Cole leans over, stopping from pausing through old boxes of outgrown clothing to admire the old photograph. Despite the ruined visage, he takes in the old imagery with some elated, nostalgic undertone. His puffy cheeks, Zane’s old non-robotic appearance, that baby fat that still seem to hold onto their teenage cheeks. He grins, closing up the box he was looking through and coming over to Geo’s side.
“Yep, that’s us. Man, I had a wicked haircut.” He puts his hands on his hips, leaning in to take the details of the faded picture, “We had to have been what… sixteen, seventeen? This is definitely from before Lloyd, I can tell you that.”

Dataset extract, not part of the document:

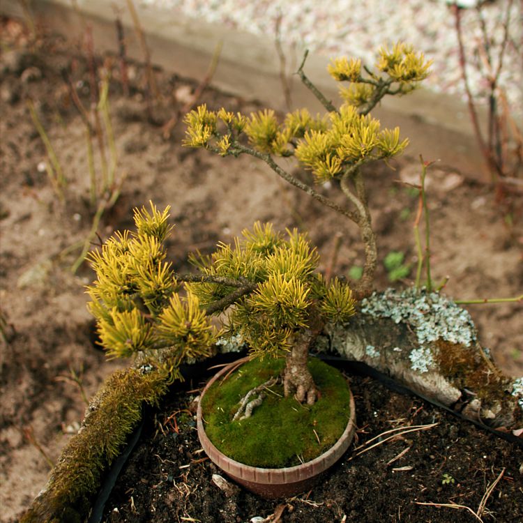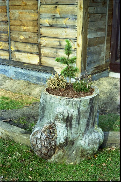Jak już pisałem w pierwszej części historii mojego ogrodu pierwsze nasadzenia to były sosny i sentyment do nich pozostał, dlatego w te pieńki są wstawione sosny, posadzone w pojemnikach w formie naturalnego (tzn. nie formowanego) bonsai.

Geo hums, thoughtfully. He turns over the old frame in his hands, looking at the scribble handwriting on the back and taking the date: “Geez, I knew you’ve been out this for a while, but I don’t know it was that long.”
And Cole laughs a little at that, rubbing at a spot under his eye before saying: “What can I say? I was a teenage ninja prodigy.”
Geo rolls his eyes a little with that, huffing at the humor of the tone. If Cole’s previous words or anything to come by, it wasn’t that much of a title to be proud of. Not the age they had started, no, not when things got serious and took a turn for the worse. That wasn’t much to dwell on now, though.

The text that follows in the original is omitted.